Argentina’s new president-elect, Javier Milei, met officials from President Joe Biden’s administration in Washington last week. Having campaigned as a Trump-style scourge of the elite, who sees climate change as a “socialist lie,” he said closer alignment with the U.S. will shape his foreign policy and that he was “very comfortable” with the way the talks had gone. This does little to dispel uncertainty over what lies ahead for his country.
Certainly Milei will need U.S. support when it comes to restructuring the country’s debt to the International Monetary Fund, to say nothing of his election promise to close the central bank and dollarize the economy. But Milei’s ambitions don’t stop there. To repair Argentina’s economy, this tear-it-all-down insurgent has also pledged to slash government spending and dismantle the country’s public sector.
Argentina’s economic plight is extreme, and bold measures will be needed to put things right. Initially, at least, the country’s investors celebrated his success. But Milei still conveys little sense of understanding what’s required.

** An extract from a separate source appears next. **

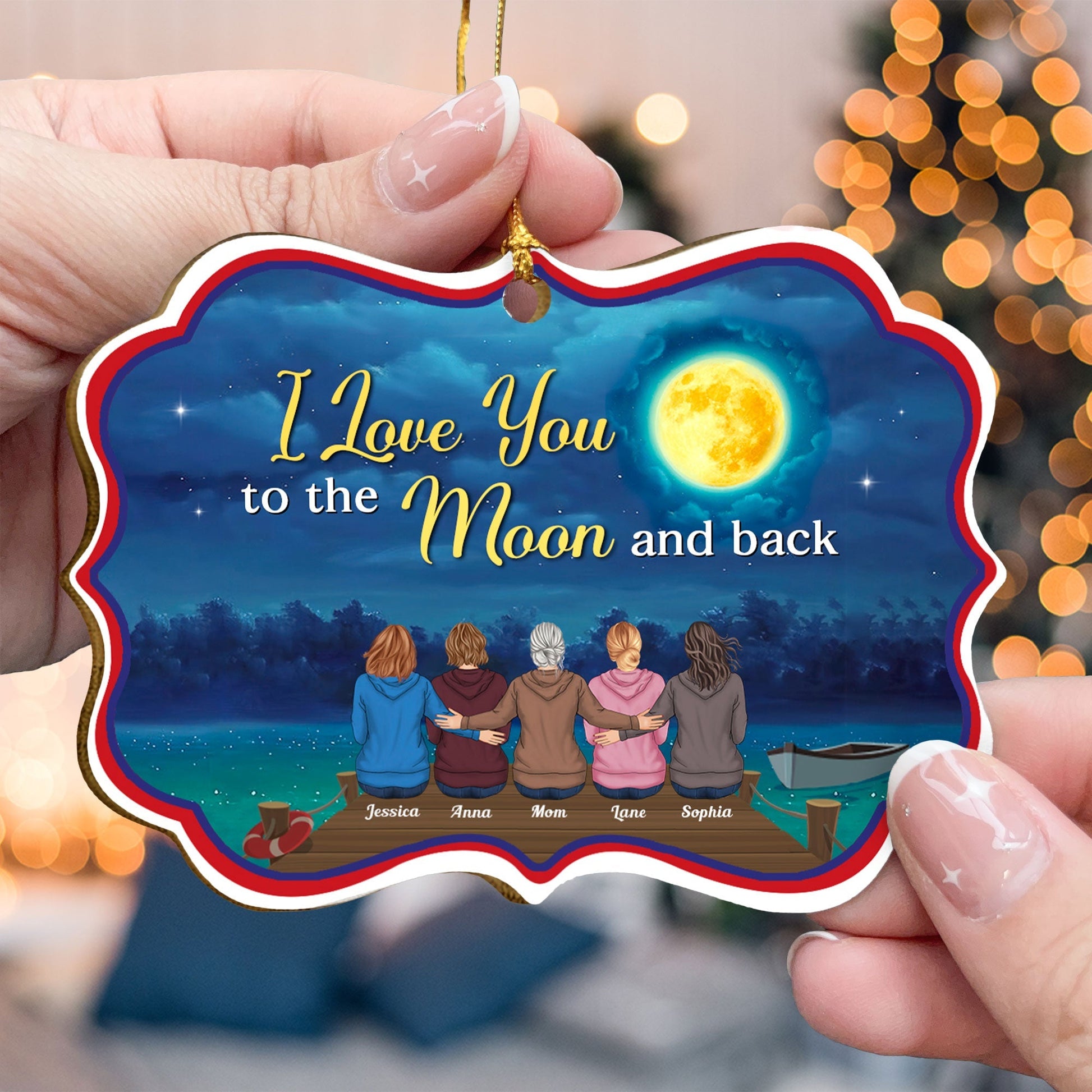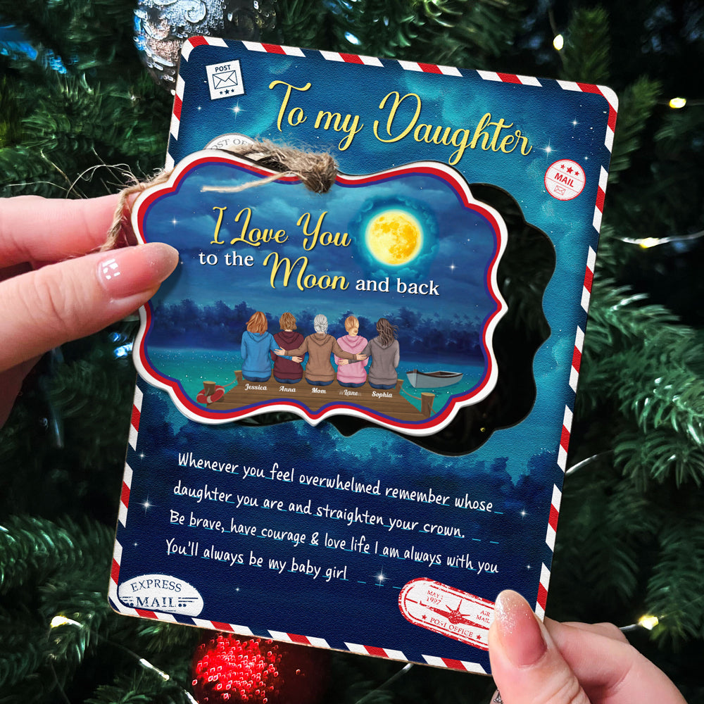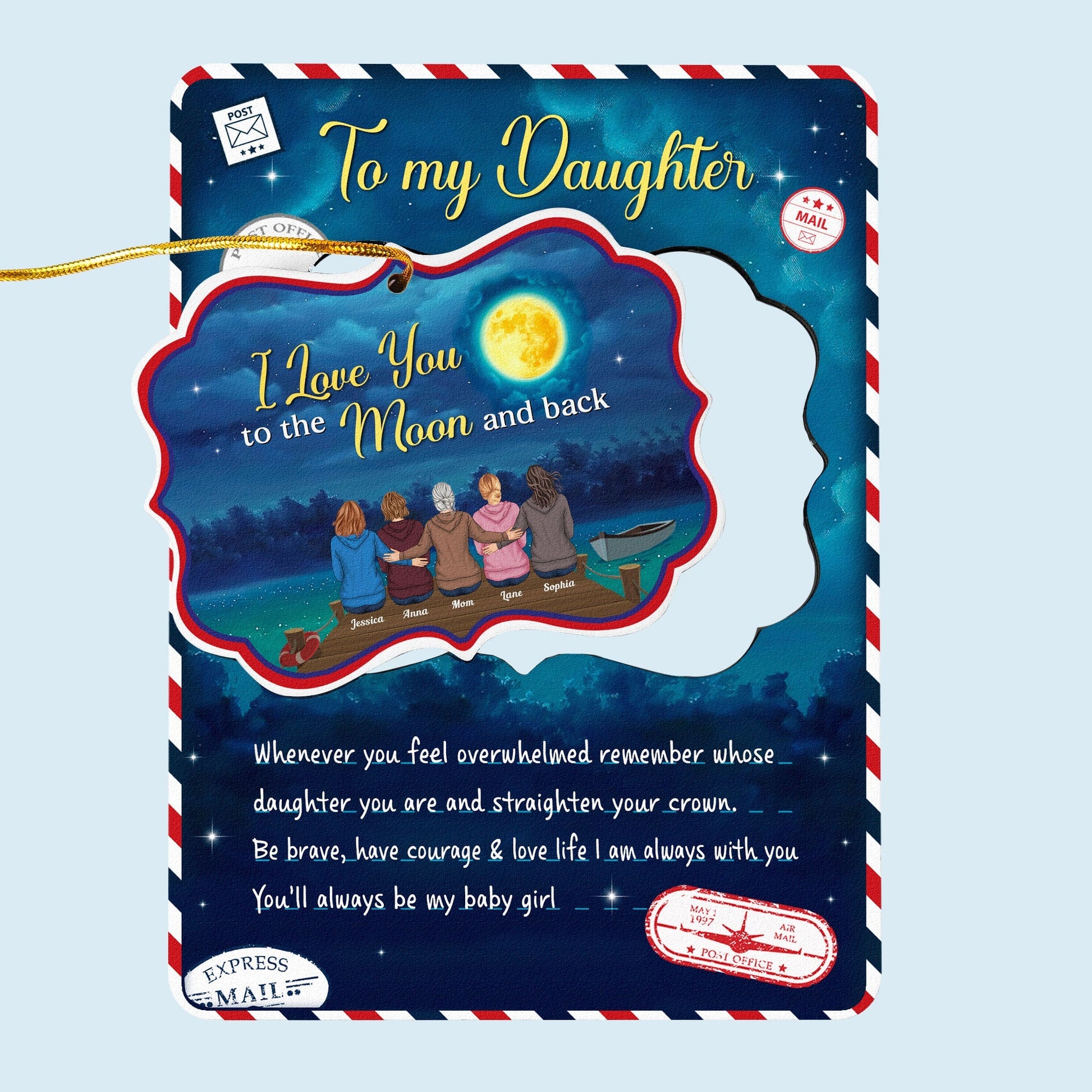 Love You To The Moon And Back - Personalized Christmas Wooden Card With Pop Our Ornament - Christmas Gift For Daughters, Sons

In principle, his plan to dollarize the economy isn’t crazy. For years, Argentina’s central bank has validated the government’s fiscal incontinence by printing money and fueling inflation. Abandoning the peso and adopting the dollar would stop that. But dollarization requires adequate holdings of dollars. Argentina’s foreign-exchange reserves have been run down to nothing, and foreign lenders won’t be rushing to help.
Even if Milei’s government could conjure the necessary balances, ruling out monetary expansion wouldn’t by itself make the country’s existing debts any more sustainable. Those issues have to be directly addressed, by cutting public spending and raising taxes. If they aren’t, instead of leading to hyperinflation, continuing fiscal excess will only drive the country all the faster to debt default and a brutal economic slump.
To be sure, Milei has emphasized the need to curb spending. He’ll shrink the state by 15% of gross domestic product, he says. But he’s led voters to think that cuts of this size can be achieved mostly by being mean to government bureaucrats (a popular promise, and not just in Argentina) rather than by cutting transfer payments and slashing public services. As an avowed anarcho-capitalist, he sees no role for higher taxes in restoring fiscal discipline. His campaign, in other words, has done little to prepare the country for the changes it will need to endure.
Perhaps, having succeeded against the odds in winning the presidency, Milei can now pivot toward a plan for actually fixing the economy. After succeeding in August’s primary election, he did moderate his rhetoric on social issues a touch, backing away from previous calls to privatize health services, allow the sale of human organs and abolish controls on firearms. And all of a sudden, he’s a bit more cautious about “blowing up” the central bank. But the president-elect still lacks a workable plan for economic reform.
Argentina voted less for workable solutions than to voice disgust at government as usual — a protest that might seem familiar elsewhere. The country’s voters are right to be angry. But unless Milei turns into a different politician, they’re likely to be disappointed again.